— Помолчи, волчара, и дай мне сказать, коль уж я начал. — Хлодвиг поднял взгляд и стал всматриваться в проплывающую мимо листву. — Не любил я ее поначалу. Да и важно ли это? Клиры придворные говорят, дескать, у простолюдинов все по любви, ибо животная страсть все это. А у нас, у благороднорожденных, союзы, основанные на чистом разуме. Да и смел ли я перечить отцу? Это же сам Дэсмонд Эверрет. Хотя уж он-то матушку любил безмерно. Но чем больше я любил Анриетту, тем больше чувствовал вину пред тобой. Хотя, чего уж греха таить, и ревновал в душе. Но если с другой стороны посмотреть, а не я ли толкнул тебя в бордели, где ты завсегдатаем стал, да еще умудрился там встретить такую девку, что уже много лет безрезультатно пытаешься разыскать? Это ведь я тебе ничего иного не оставил, верно?
— О боги, государь, ты такой дурень, спасу нет.

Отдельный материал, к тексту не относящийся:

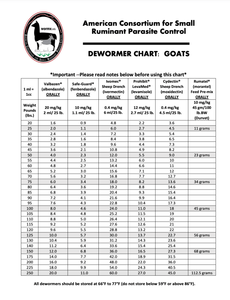 - Always follow the Updated Goat Dewormer Chart to determine dosages.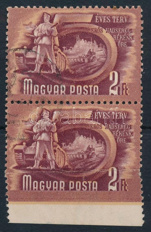 1951/53 Ötéves terv (II.) 2Ft függőleges pár, alul fogazatlan https://www.darabanth.com/de/513-Auktion-Philatelie-Postkarten-Numismatik-Kunstwerke-Bucher-Schreibwaren-Schmuck/513.0/Philatelie-und-Postgeschichte-Ungarn/Ausgaben-1946-1956~48/195153-Oteves-terv-II-2Ft-fuggoleges-par-alul-fogazatlan~II3466552
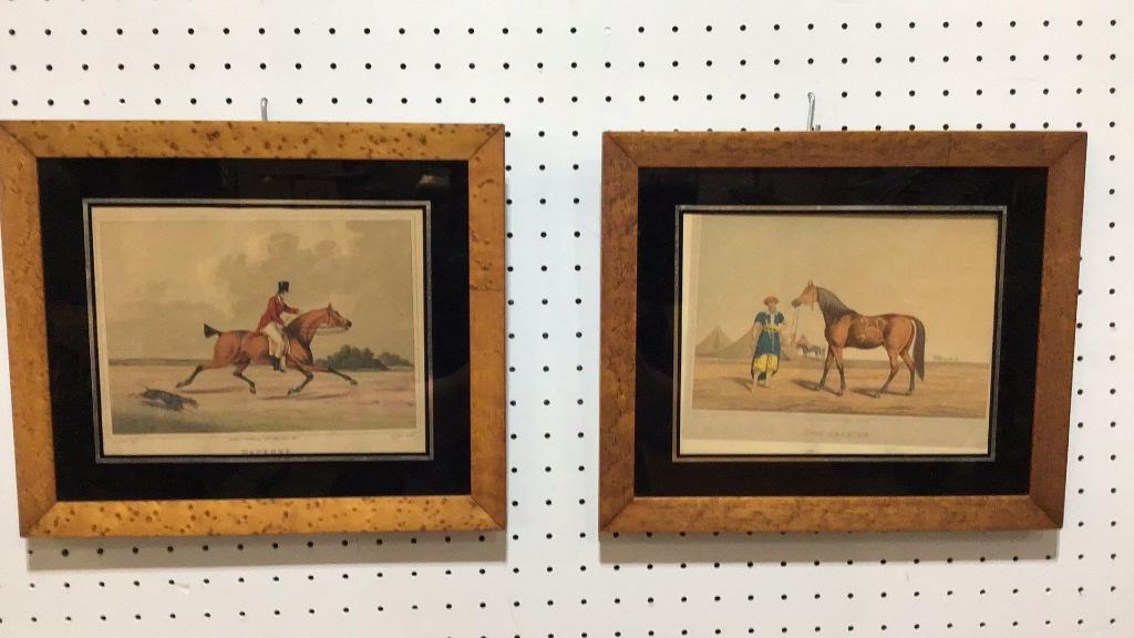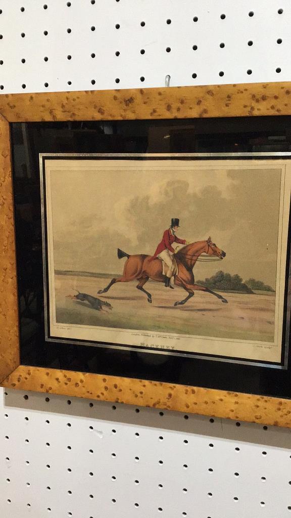 Line Item # 23 Pair of chromolithographs by Henry Alken..reissued In 1903..burlwood frames..toning to prints..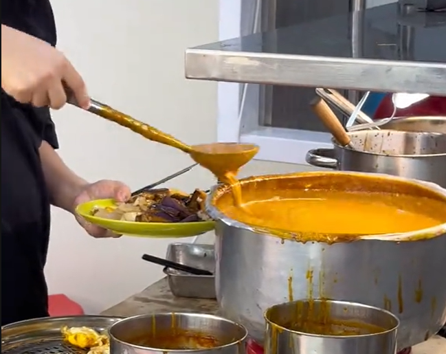 新摊的菜单设计简洁,以经典套餐为主,比如Pork chops, pork tripe, and curry chicken,搭配Red braised cabbage和Soft-centered fried egg,再加上一勺香浓的椰奶咖喱,售价仅为4.80新元。

— Надеюсь, ты приведешь веские доводы в подтверждение твоих слов раньше, чем я тебе за них врежу, волчара?
— Что я мог дать Анриетте? Ты думал об этом хоть мгновение? Я был кузнецом. Потом оруженосцем. Но даже сейчас, будучи рыцарем и лордом, я лишь возведенный. Выскочка, простолюдин, не имеющий не то что своего феода, но даже семейного хуторка.
— Ну и кто дурень-то после этого? Отчего не попросить было? Вот Волчий мыс тебе и отдал бы в ленное владение!

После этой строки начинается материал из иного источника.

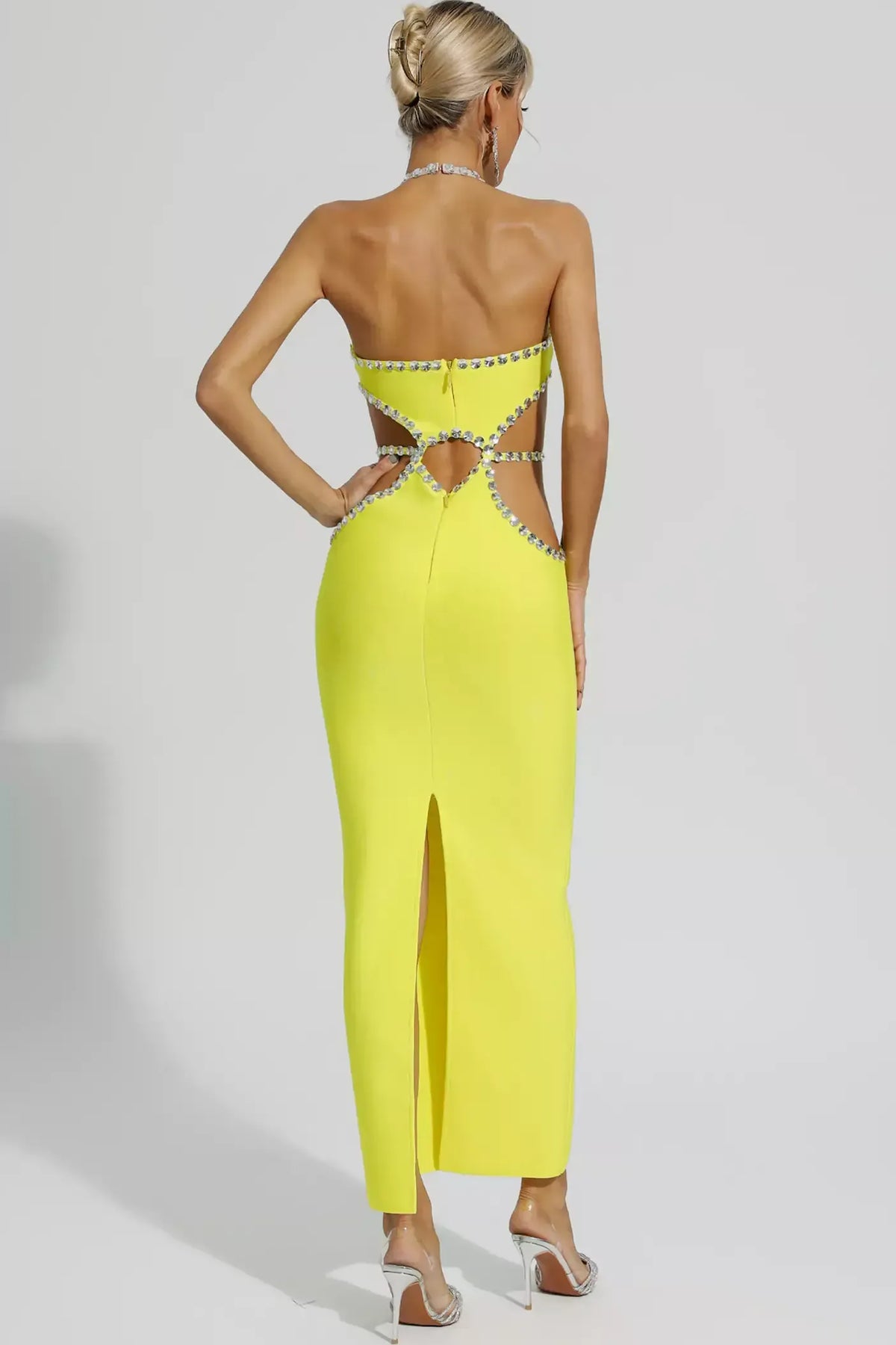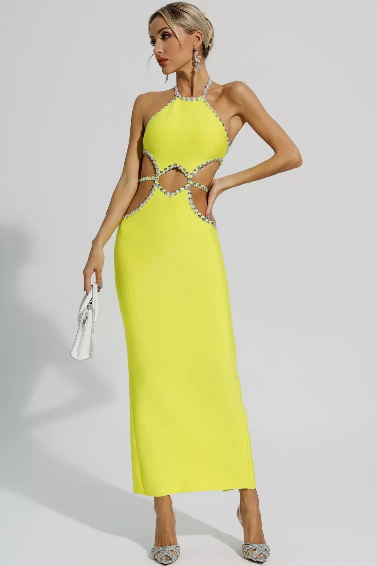 Rhinestone Cut-Out Halter Neck Maxi Dress
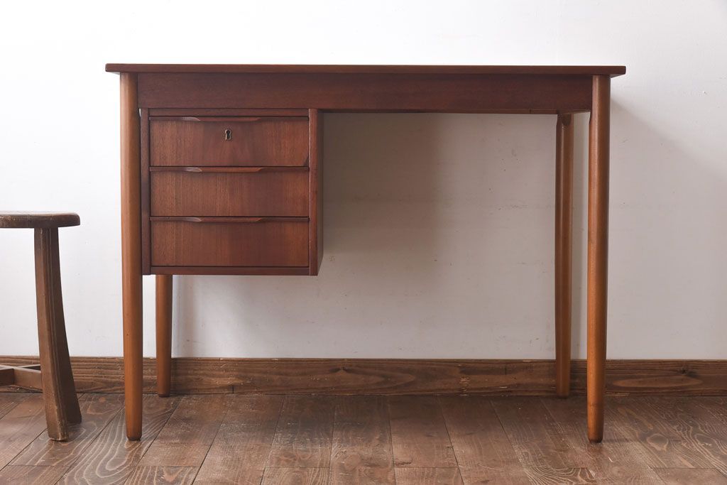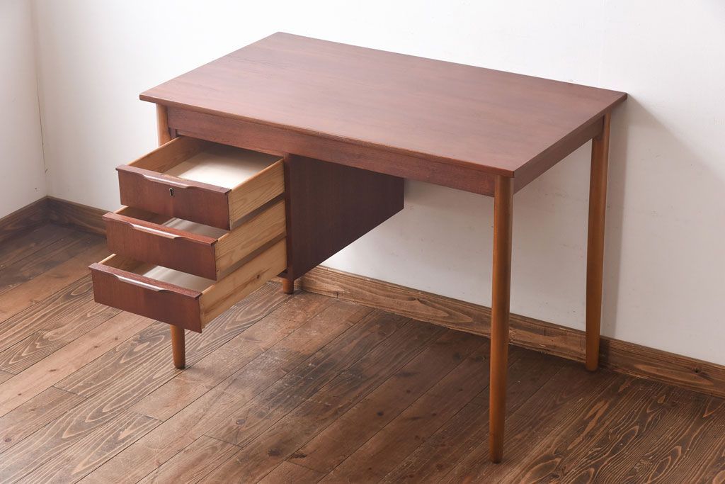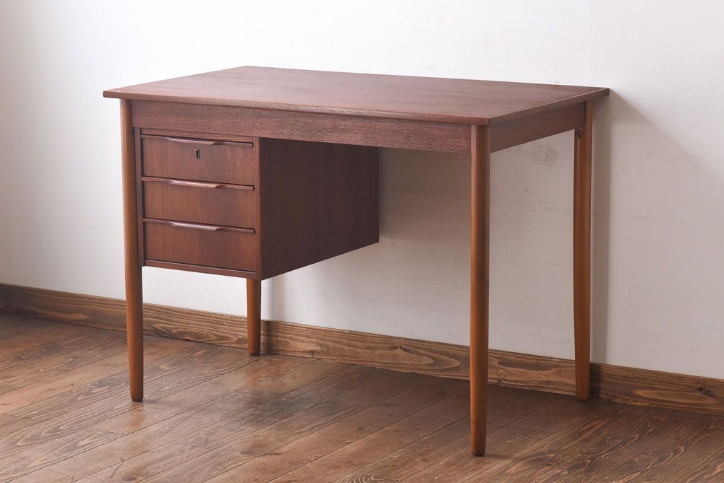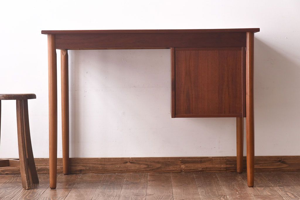 ビンテージ家具 北欧ヴィンテージ チーク材 細身のデザインが空間になじむワークデスク(机、在宅ワーク、在宅用片袖机)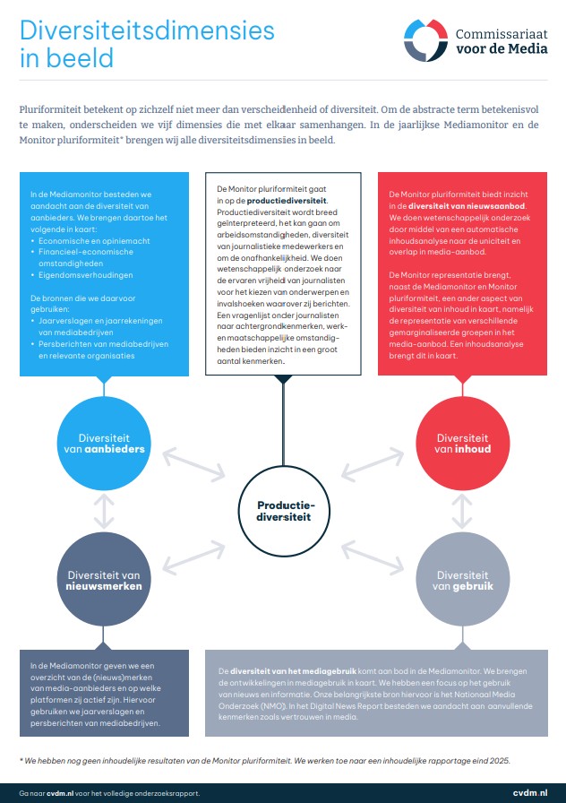 De Mediamonitor geeft inzicht in ontwikkelingen op het gebied van pluriformiteit van het media-aanbod in het algemeen en de informatievoorziening in het bijzonder. Pluriformiteit betekent op zichzelf niet meer dan verscheidenheid of diversiteit. Om de abstracte term betekenisvol te maken, onderscheiden we vijf dimensies die met elkaar samenhangen. In de jaarlijkse Mediamonitor brengen wij drie diversiteitsdimensies in beeld, namelijk diversiteit van aanbieders, aanbod (nieuwsmerken) en gebruik. Met de Monitor Pluriformiteit zullen we de jaarlijkse monitoring uitbreiden naar alle vijf diversiteitsdimensies. Lees daarover meer in de opzet voor de Monitor Pluriformiteit.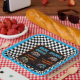 "Boom, Crunch, Crash, It's A Monster Truck Bash!" fun birthday party celebration for a boy. Designed in aqua blue and orange text on a black background, the monster truck artwork really pops. The dark brown dirt tracks add an additional flair to the overall design.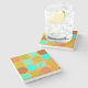 Dessous-de-verre En Pierre Turquoise Bleu Vert & Cercles Orange Monogramme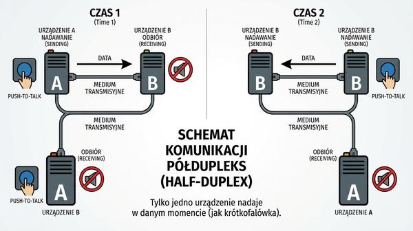 - Oznacza to, że w danym momencie urządzenie może albo nadawać dane, albo je odbierać, ale nigdy nie może robić obu tych rzeczy jednocześnie.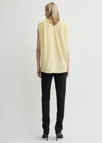 Cocoon-style top crafted from fluid twill for an impeccable drape that flows into the back to mimic a cape. Style with trousers for evening occasions. Details & Fit - Champagne - 60% viscose, 40% wool - Dry clean - Style number 254-WRT0608-FB0477 - The model is 180cm/5'11 tall and wears a size 36 - Architectural fit

— Я десница короля. У меня другие обязанности и нет родственников, которым я бы мог доверить управление ленным владением. Да не в том дело, Хлодвиг. Хотел бы землю, так, быть может, и попросил бы. Но безродный я, как ни круги. По мне — наплевать. Своего происхождения не стыжусь. Но как вся знать на меня смотрит? И еще, коль узнал бы твой отец тогда, да ее отец, о связи нашей, то она обесчестила бы свой родовой дом, а я лишился бы головы. Даже заступничество твоей матери, великодушной королевы Эолинн, не спасло бы мою башку от топора да пики. Больно ли было мне отказаться от своих чувств к Анриетте? Конечно! Но какой выбор перед ней стоял? Королевский престол для нее самой и детей — или простолюдин с Волчьего мыса? Уж лучше первое, нежели второе. И даже если бы нам удалось поддерживать тайную связь, это скоро показалось бы ей невыносимым. Такова уж эта любовь — всего лишь блажь мимолетная. Она бы потом меня просто возненавидела. К чему мне это?

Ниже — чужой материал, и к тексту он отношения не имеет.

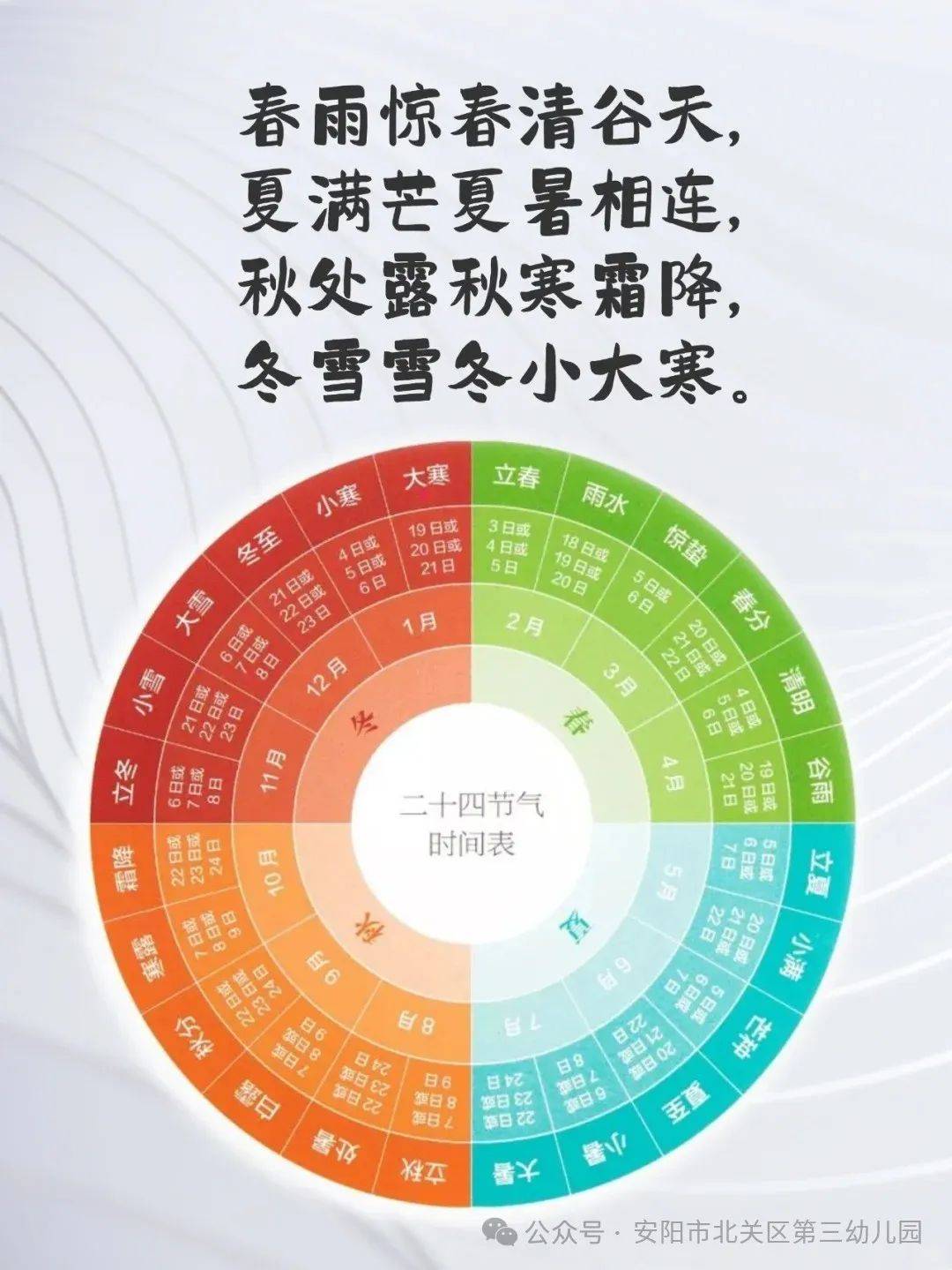 一直以来,北关区第三幼儿园十分重视二十四节气在幼儿教育中的有机融合与运用,将其作为幼儿了解中国传统文化、培养爱国情感的重要途径之一,发展幼儿对大自然的感知能力,培养儿童对大自然的热爱、拓宽儿童的视野,传承中华民族传统文化。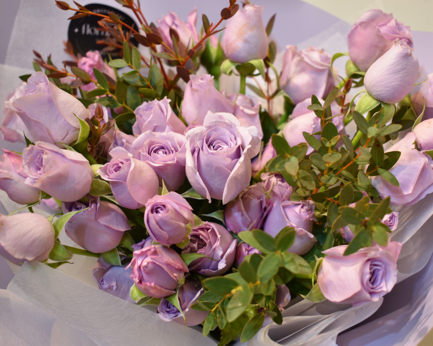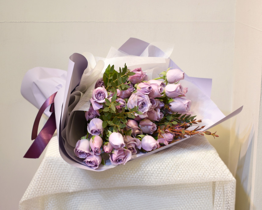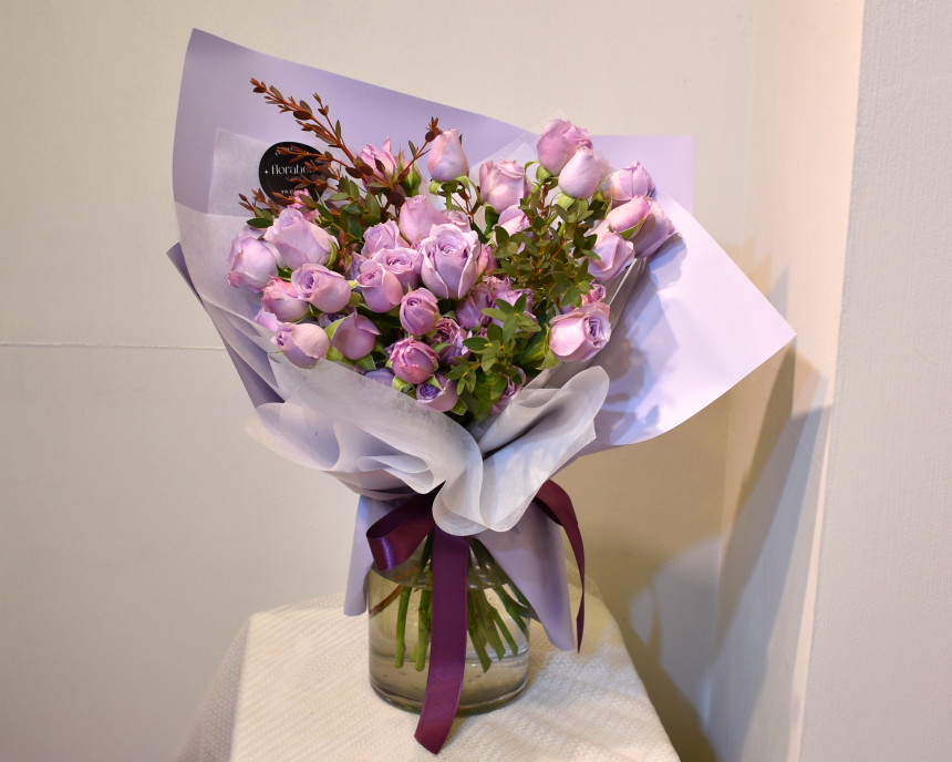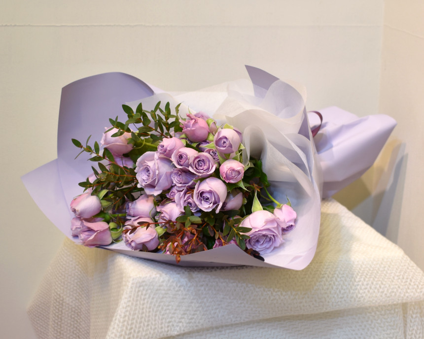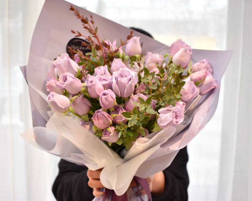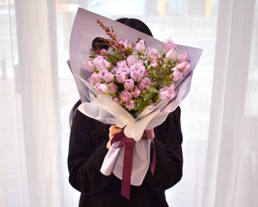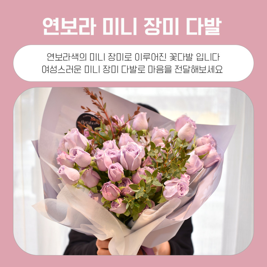 보기만 해도 기분 좋은 연보라 미니장미 꽃다발 입니다

— Однако она весьма неприветлива к тебе, как я замечал. Уж не оттого ли, что ты отказался от нее много лет назад и не стал бороться за ее руку?
— Бороться? С кем, Хлодвиг? С твоим отцом? С тобой? Ради чего? Чтобы лишить ее будущего? Она несчастлива с тобой? Она тебя не любит? Не верю.
— Любит. Возможно. Только вот, ты и сам знаешь… Сколько раз было. Приходит знатная дама с прошением: дескать, дозволь, государь, расторгнуть брачные узы, ибо немощен муж в постели. И приходят свидетельницы, которые удостоверились в немощности ее мужа. Ну, я разве откажу? Закон в таких случаях позволяет расторгнуть брак. Но потом я несколько дней стыжусь в глаза Анриетте взглянуть. Она ведь не может по этой же причине от своего мужа уйти. Ибо, как я уже сказал, королевы не уходят от королей. Они могут только овдоветь. Я люблю ее и счастья ей желаю, но ничем помочь не могу. Я стараюсь, уж как боги дали. И книжек всяких про это дело, да еще с картинками, перечитал. И вроде могу доставить ей радость на любовном ложе, но это все равно не то. И наследников у меня более быть не может. Потому и думаю часто, а не лучше ли было, чтоб она с тобой тогда и осталась.
— Это плохо бы кончилось и для меня, и для нее. К тому же мы отправлялись на войну. И ты, и твой брат Горан должны были зачать детей перед походом, чтобы династия не прервалась в случае вашей гибели. Таков закон. Хватит уже об этом.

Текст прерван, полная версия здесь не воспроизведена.